The reconstruction is visibly lossy, and that is the point. V is not a photograph, it is a thumbnail: enough to know where the road bends and where the car sits, with the texture sanded off. The whole V network is trained for a single pass over ten thousand random-play episodes and then frozen. From here on, the agent never works with pixels again. It works with $z$ .

The paper raises a caveat about itself: because V learns with no idea what the task is, it cannot know which details will turn out to matter. It faithfully reproduces irrelevant wall textures in Doom while fumbling the task-critical tiles on the road in car racing. The reconstruction loss counts every pixel the same and carries no information about the task, so V keeps whatever is large and repetitive and easy to rebuild, which is not always what the policy needs. We will come back to this.

M: predict what happens next

V compresses space. M compresses time. Its job is to look at the current code $z_t$ , the action $a_t$ the agent is about to take, and a running summary of everything that came before, and predict the next code $z_{t+1}$ . If V is the eye, M is the part trained on enough of the world to predict roughly what tends to happen next.

The running summary is the key object, so give it a name now. M is a recurrent network, specifically an LSTM (long short-term memory, a recurrent cell built to retain information across many steps), and at each step it carries a hidden state $h_t$ . You can think of $h_t$ as M's compressed belief about the situation: not just what the last frame looked like, but where things seem to be heading. Because M is trained to predict the future, $h_t$ ends up holding exactly the information you would need to predict the future. Hold that thought, because it is what makes the controller's job easy later.

The next point takes a little care. M does not predict a single next code. It predicts a probability distribution over next codes, because real environments branch. From the same situation, a monster might fire or it might not; the road might continue straight or a curve might be about to appear. A network forced to output one number would have to average those futures into a mush that is none of them. So M outputs a distribution with room for several distinct possibilities at once. The consequence lands on the controller: futures really do branch, a single predicted mean would be a physically impossible average frame, and a controller trained to act against that average would be blindsided by the branches that actually happen. Keeping the branches distinct, as the figure below draws them, is what lets the controller prepare for each one.

A Doom monster that fires on roughly half of all frames makes the "impossible average" concrete. The true next frame is one of two things: a fireball has appeared, or it has not. A predictor forced to emit one frame minimizes its error by splitting the difference, so it outputs a faint half-fireball, a smeared blob at 50% opacity that the game can never actually render. No real moment of the game looks like that, so the controller has trained against a situation that does not exist. When a real frame arrives it is always one extreme or the other, full fireball or none, and the policy tuned on the ghostly in-between has prepared for neither: it neither dodges hard nor relaxes, because the average frame sits halfway between dodging and relaxing. A mixture avoids the blur. It keeps the two outcomes as two separate modes with weights near 0.5 each, so a sampled dream draws a coherent frame, either a sharp fireball or a clean miss, and over many dreamed rollouts the controller faces full fireballs about half the time and learns to dodge the thing it will actually meet, not the smear that averaging would have handed it.

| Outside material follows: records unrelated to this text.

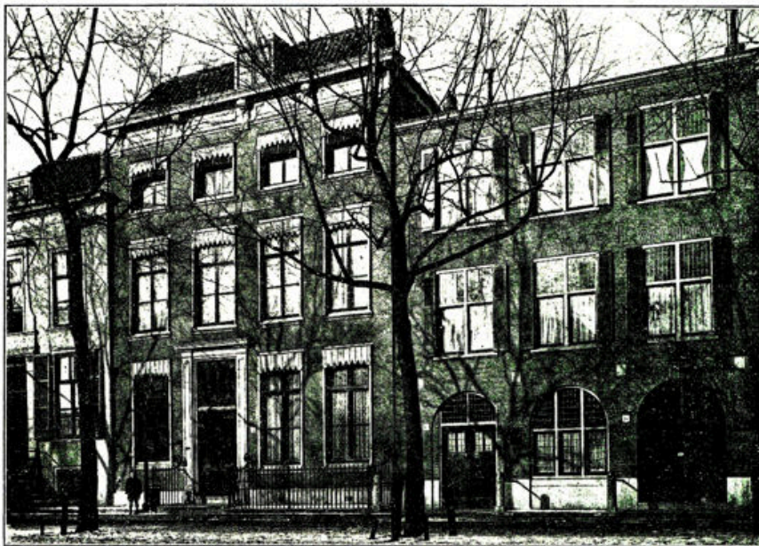
DUNNE BIERKADE 17 en 16.
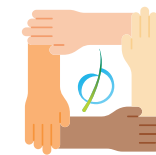
Diversité & mixité sociale
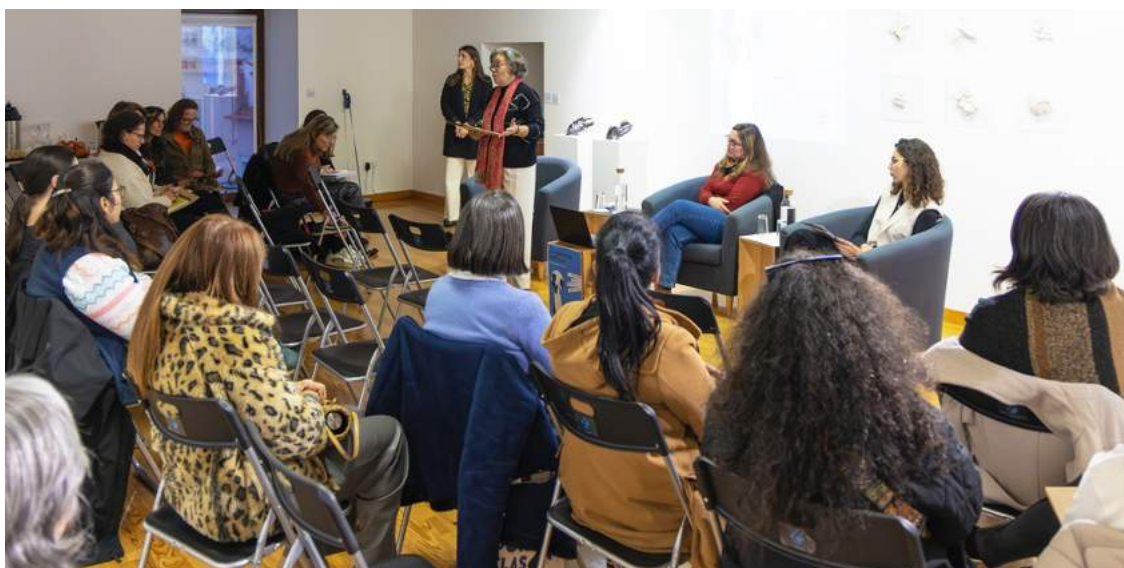
A tertúlia procurou fomentar uma reflexão profunda sobre violência, discriminação e discursos de ódio

tica não é apenas de homens sobre mulheres, há também casos entre mulheres, em idosos ou mesmo em casais onde as mulheres exercem violência sobre os homens. Mas evidenciamos a violência contra as mulheres porque os números que temos não mentem e no contexto familiar e conjugal, é uma realidade grave e persistente”, contou.
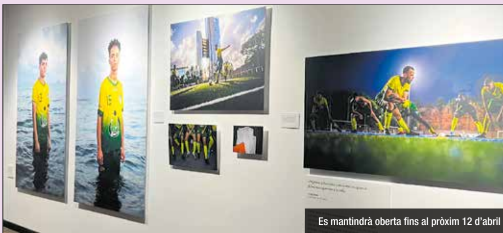
Es mantindrà oberta fins al pròxim 12 d'abril

Sota el lema «Itinerants», la Sala Riu del Centre Cívic Riu acollirà, durant el 2024, quatre noves propostes fotogràfiques que oferiran una mirada al voltant de problemes globals i les seves causes. La 15a edició de «Diaris de Viatges» començarà el proper 12 de març (19 h) amb la inauguració de «Fútbol para la esperanza», el projecte de la
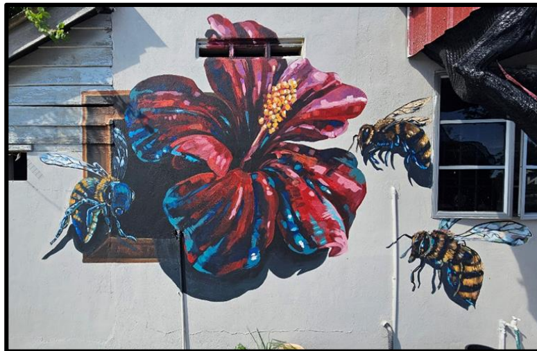
Rajah 4: Mural Bagan Datuk.
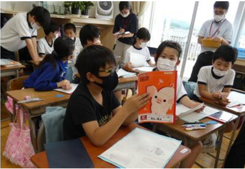
学習の振り返りにタブレットパソコンを活用しました。
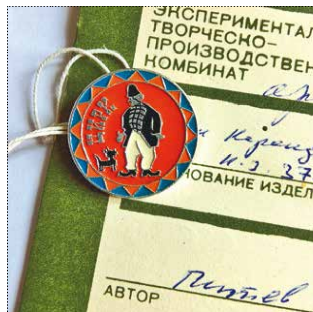
Образец значка «Цирк» с клоуном Карандашом. Художник Питев. 1989 год. Тираж 10 000 штук. Частное собрание
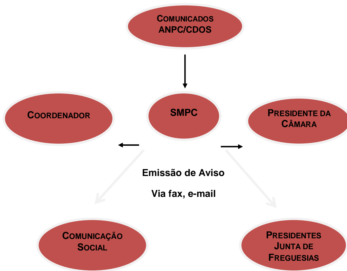
Figura 5 - Sistema de monitorização, Alerta e Aviso

A barragem do Pisco está classificada com classe II e a do Penedo Redondo está em processo de classificação, ficando assim livres da obrigatoriedade da existência do sistema de alerta e aviso.
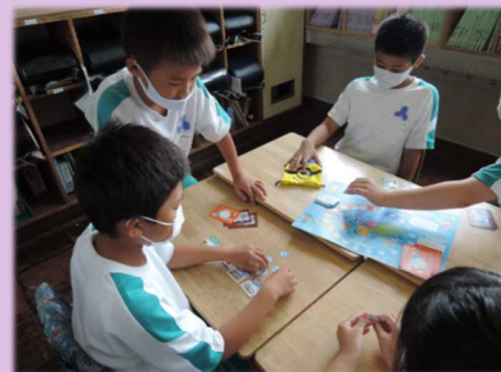
ボードゲームを使った授業の様子
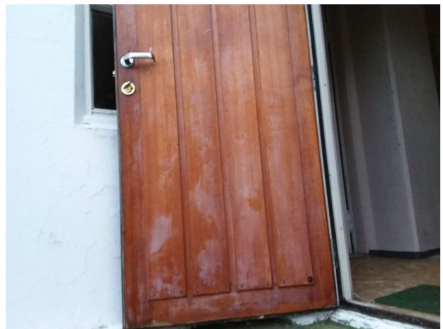
Muggsopp innvendig på dør
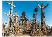
Hill of Crosses
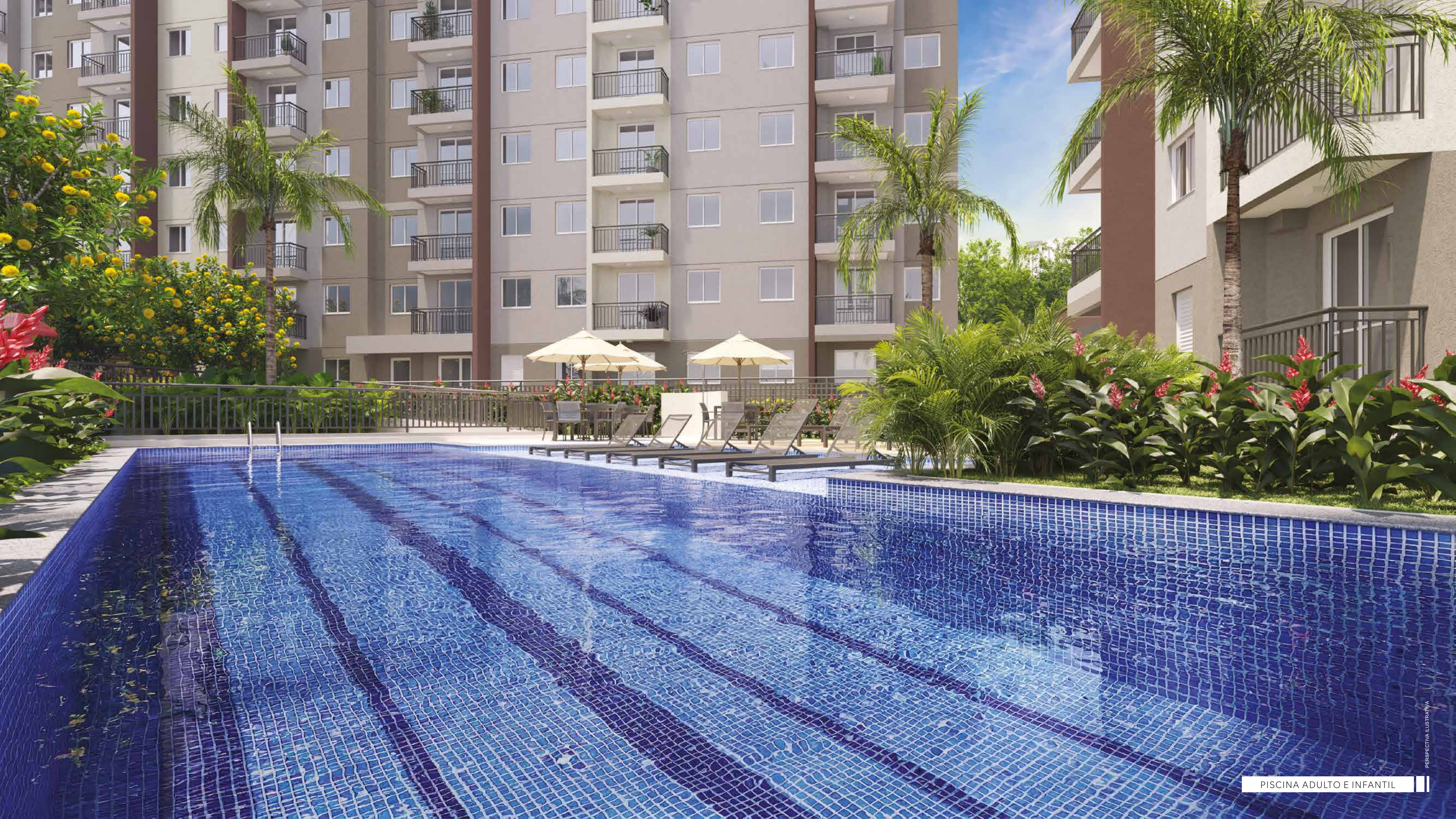
PISCINA ADULTO E INFANTIL

Figure 2 · why one frame is a lie

P(branch A)50%

A schematic toy of one branching event. The world can go two ways: branch A (a fireball forms) or branch B (none). A model that predicts one frame averages them into a ghost at opacity P(A), a blur the game can never render. The mixture refuses the blur: it keeps A and B as two real modes, and the slider only shifts their weights. Drag P(branch A): the mean stays one impossible frame the whole way; the mixture stays two real frames. (Toy of one event; the real M is a five-component mixture density over the latent

z

The tool for that is a mixture density network, or MDN, an idea from Bishop (1994). Instead of one Gaussian, the network outputs a weighted mix of several (five, in this paper), each with its own mean and width. The whole predicted distribution for the next latent is

P(z_{t+1} \mid a_t, z_t, h_t) \;=\; \sum_{k=1}^{5} \pi_k \,\mathcal{N}\!\big(z_{t+1}; \, \mu_k, \, \sigma_k^2\big)

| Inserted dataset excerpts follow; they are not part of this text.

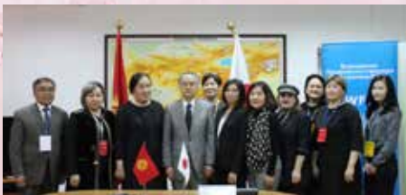
ЧПП Японии в КР г-н Ёсихиро Ямамура с грантополучателями

1 и 4 марта 2019 года в здании Посольства Японии в КР состоялись Церемонии подписания грант контрактов в рамках грантовой программы Правительства Японии «Корни травы и человеческая безопасность».
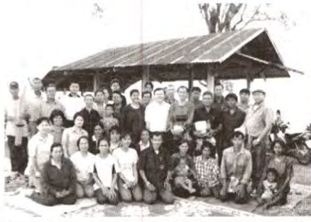
แฟนรายการ อ.คำเขื่อนแก้ว จ.ยโสธร จัดรายการสดกลางทุ่งนา
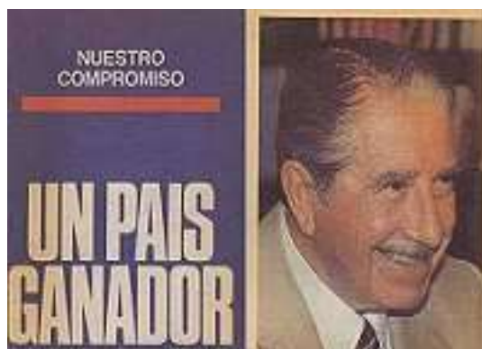
Figura 3- Logo da campanha do Si

Com o objetivo de suavizar a imagem de Augusto Pinochet, o programa de televisão governista apresentava o ditador como o bom velhinho . Mesmo que o governo estivesse desgastado na opinião pública, ainda era bastante explorada a imagem de Pinochet junto ao povo, abraçando especialmente crianças e idosos.
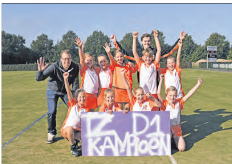
De spelers van Tweemaal Zes D1 zijn zaterdag 2 oktober kampioen geworden door met 9-4 hun wedstrijd te winnen. Het kampioenschap werd goed gevierd.
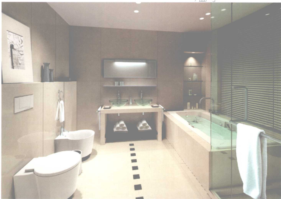
此设计以绿灰为主色调，点、线、面的合理搭配具有强烈的视觉冲击力。整个空间既简洁又富有变化。暖色调给人以古典、变化丰富的感受。
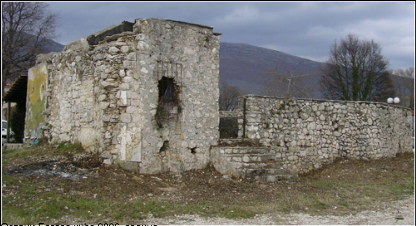
Остаци Бегове куће 2006. године
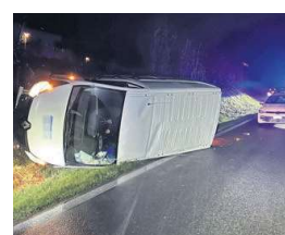
Das Auto des Unfallverursachers kippte auf einer Böschung zur Seite, der Fahrer blieb unverletzt.

Der Unfall ereignete sich am Mittwoch, 11. März, kurz nach 23 Uhr auf der Farnstrasse in Villmergen. Auf dieser Hauptstrasse war der Lenker eines Renault-Lieferwagens in Richtung Wohnen unterwegs. Wie er später der Kantonspolizei erklärte, habe er nach
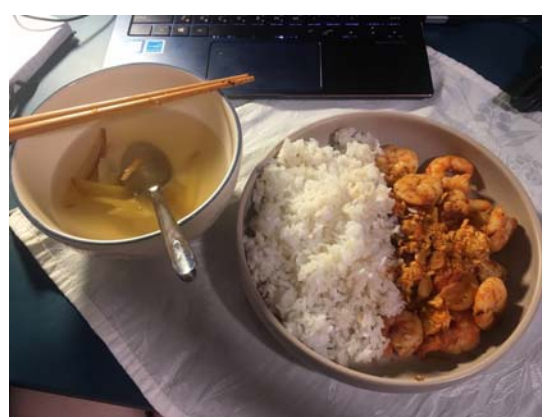
小當家薑湯和蝦仁番茄

where the weights $\pi_k$ say how likely each branch is and sum to one. Stitch this onto the LSTM and you get the MDN-RNN, the same recipe Ha used to make a network draw sketches one stroke at a time. Each branch of the mixture can stand for a distinctly different thing that might happen next, which is exactly what you need to capture a discrete event like "a fireball appears."

That mixture also comes with a single dial, so meet it now. A temperature $\tau$ controls how much randomness you allow when you sample the next latent from the mixture. Following the sketch-drawing work, lowering $\tau$ does two things at once: it shrinks every Gaussian (temperature scales each mode's variance by $\tau$ , so its width, the standard deviation, scales by $\sqrt{\tau}$ ) and it sharpens the choice among branches toward the single most likely one. At $\tau \to 0$ the model collapses onto its favorite branch with no spread, effectively deterministic. At $\tau = 1$ you get the distribution the network actually learned. Above one, the futures spread out and the rare branches get more airtime.

Slide $\tau$ and watch the distribution over one latent coordinate. The tall mode is the usual case, where nothing much changes; the small amber mode is the rare branch, where a fireball forms. The rare mode shrinks toward zero weight as you cool the model down:

Figure 3 · the next latent is a distribution

temp ττ = 1.00

M predicts the next latent as a mixture of five Gaussians, not a single point. Lower the temperature

\tau

and every mode narrows while the weight piles onto the likeliest one, so the rare "fireball" branch and its probability vanish. This collapse is the problem the temperature section below has to solve.

M is trained on the same ten thousand random episodes as V, for twenty passes, with one simple objective: make the mixture assign high probability to the latent that actually came next. No reward, no planning, just next-frame prediction in the compressed space V built. After training, M is a generative model of how the world moves, and the rest of the paper is about cashing it in.

C: the part that acts

After V and M, the controller is almost an anticlimax, which is the design working as intended. C takes the current code $z_t$ and M's hidden state $h_t$ , glues them into one vector, and runs a single linear layer to produce the action. That is the whole policy, and it is the one numbered equation in the paper:

a_t = W_c\,[\,z_t \; h_t\,] + b_c

(1)

No hidden layers, no nonlinearity beyond squashing the output into the valid action range. For the car-racing agent, $z_t$ is 32 numbers and $h_t$ is 256, so the concatenation is 288 numbers, and mapping that to three continuous controls (steer, gas, brake) takes 288 × 3 weights plus 3 biases, which is 867 parameters. That is the whole brain that touches the reward.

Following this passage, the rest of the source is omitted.